VMware made an official response to the problem, saying, “An issue has been discovered by many VMware customers and partners with ESX/ESXi 3.5 Update 2 where Virtual Machines fail to power on or VMotion successfully. This problem began to occur on August 12, 2008 for customers that had upgraded to ESX 3.5 Update 2. The problem is caused by a build timeout that was mistakenly left enabled for the release build.”

VMware has since taken down the Update 2 bits from the Web site to keep others from downloading and installing the problematic code. The company has identified the problem, and VMware engineers “are working around the clock to deliver updated builds and patches for impacted customers.”

VMware suggested the following workarounds:

1) Do not install ESX 3.5 U2 if it has been downloaded from VMware’s website or elsewhere prior to August 12, 2008.

2) Set the host time to a date prior to August 12, 2008. This workaround has a number of very serious side affects that could impact product environments. Any Virtual Machines that sync time with the ESX host and serve time-sensitive applications would be broken. These include, but are not limited to database servers, mail servers, & domain administration systems.

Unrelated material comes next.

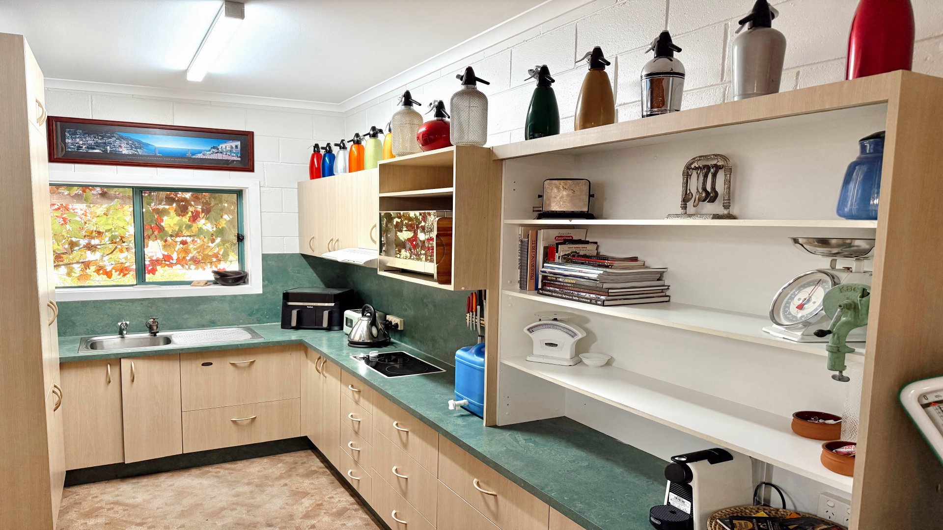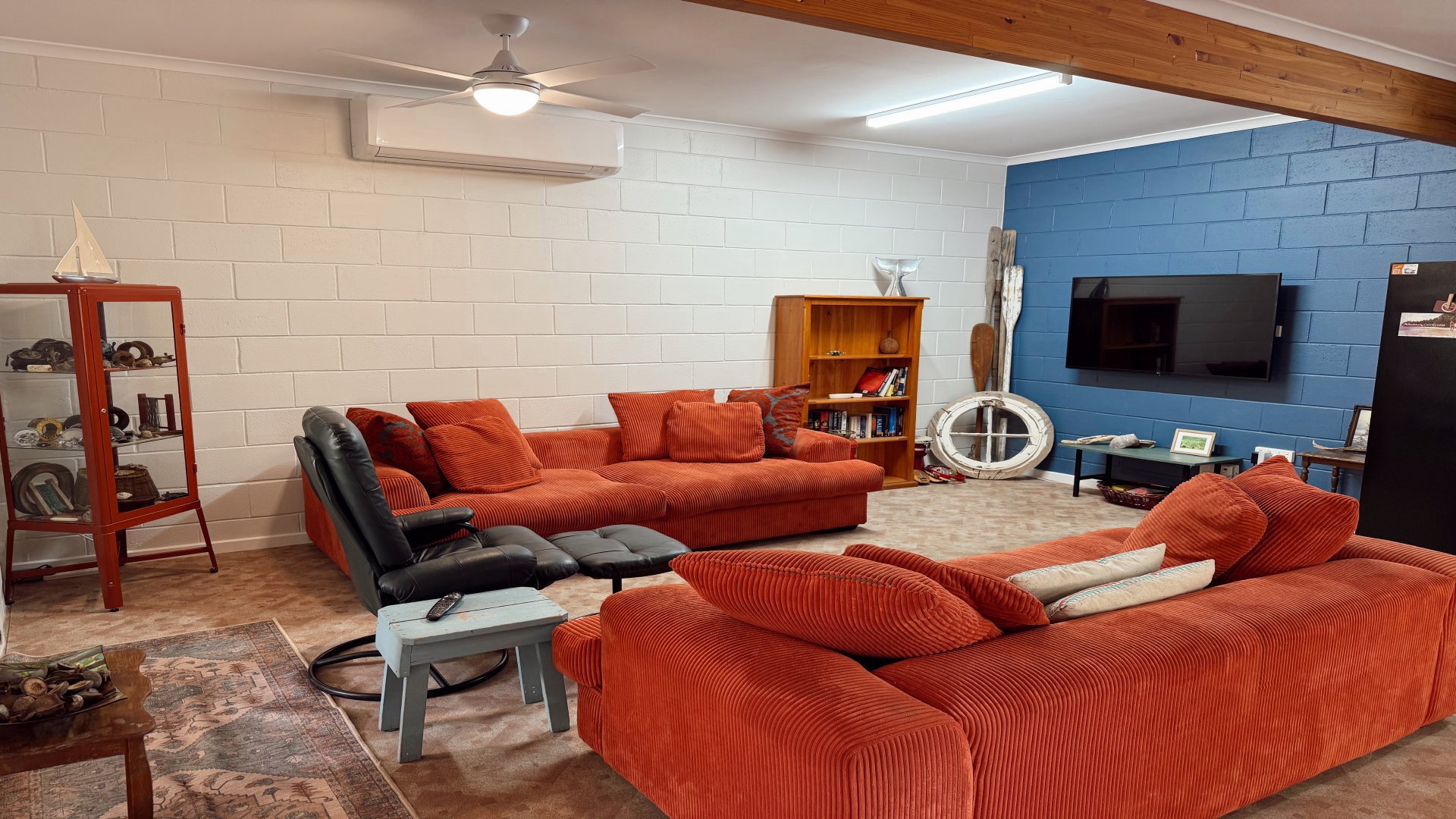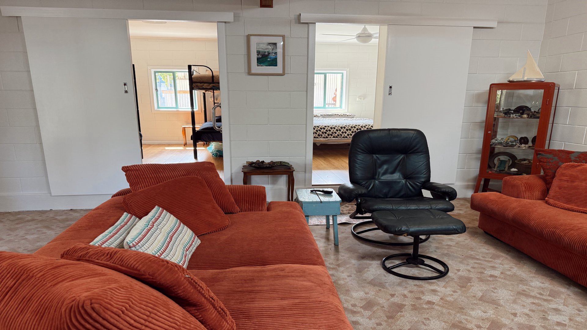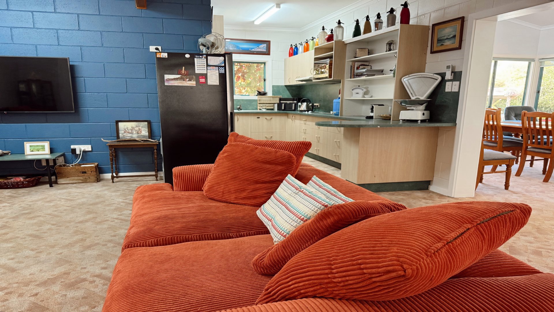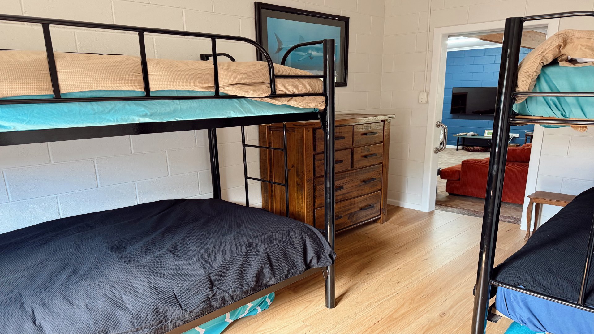 Sleeping up to 8 guests, the home features a king bed, a queen bed, and two sets of bunks - ideal for families or groups. The retro-inspired kitchen is fully equipped with everything from a DeLonghi pod coffee machine to an air fryer, making it easy to settle in and feel right at home. A central bathroom, with a toilet and washing machine, adds convenience, while air conditioning and ceiling fans throughout keep things comfortable year round.

The company is working to produce an express patch for impacted customers today, and they plan to reissue upgrade media by 6 p.m. PST on Aug. 13 and all update patch bundles later in the week.

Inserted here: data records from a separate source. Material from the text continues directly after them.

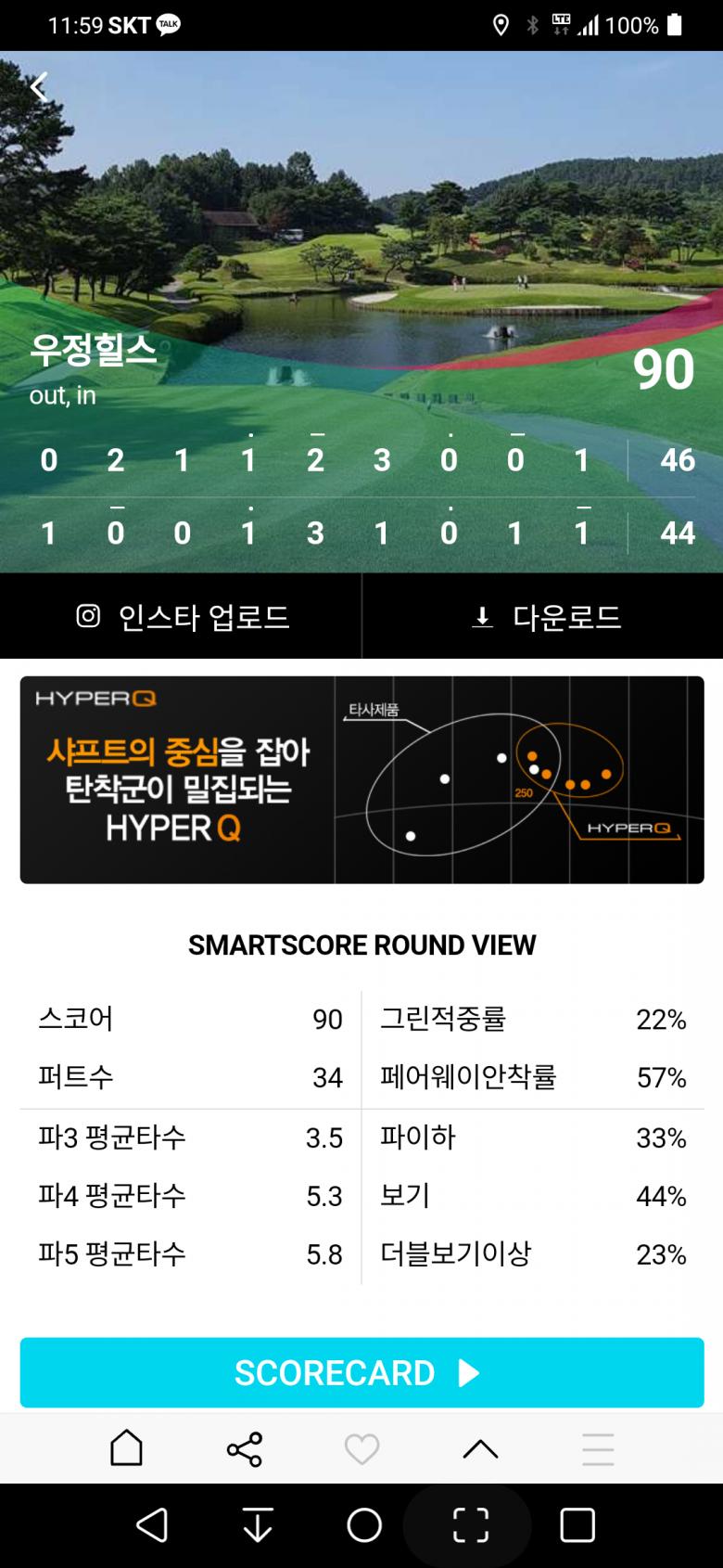 (캐디가 스마트스코어는 한두개는 덜 적어 주더군요. ㅎㅎㅎ)
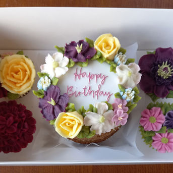 These Bento box sets are a great idea for a special gift for any occasion! They consist of a 5 inch, 2 layer main cake and a choice of 4, 5 or 8 cupcakes. The message on the main cake can be adapted for birthdays, anniversaries and many other occasions.
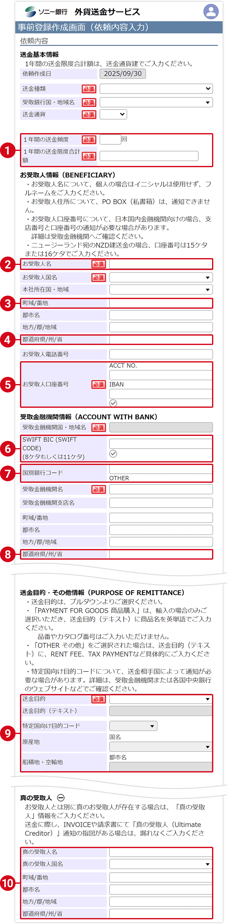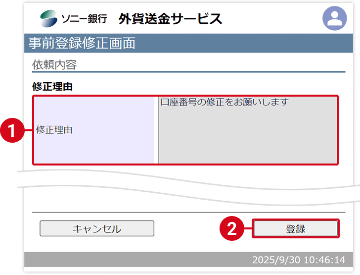 ご登録の内容または審査内容によっては、内容修正のお手続が発生する場合や、事前登録の完了・送金実行まで日数を要する場合がありますのでご注意ください。

VMware also offered the following apology in their official response:

We are making improvements on all fronts. The product team had endeavored to deliver a release which support customers deem important. But we fell short and we are deeply sorry about all the disruption and inconveniences we have caused. We have identified where the holes are and they will be addressed to restore customers’ confidence.

VMware has not said how many customers were affected. But the problem could be seen as fairly widespread considering the number of people who have viewed the problem discussion on VMware’s forum — almost 26,500 people as of this evening, with 500 replies to the original message. VMware technical support was inundated with calls, and even the KB article about the problem experienced time-out problems because of the heavy traffic to the knowledgebase.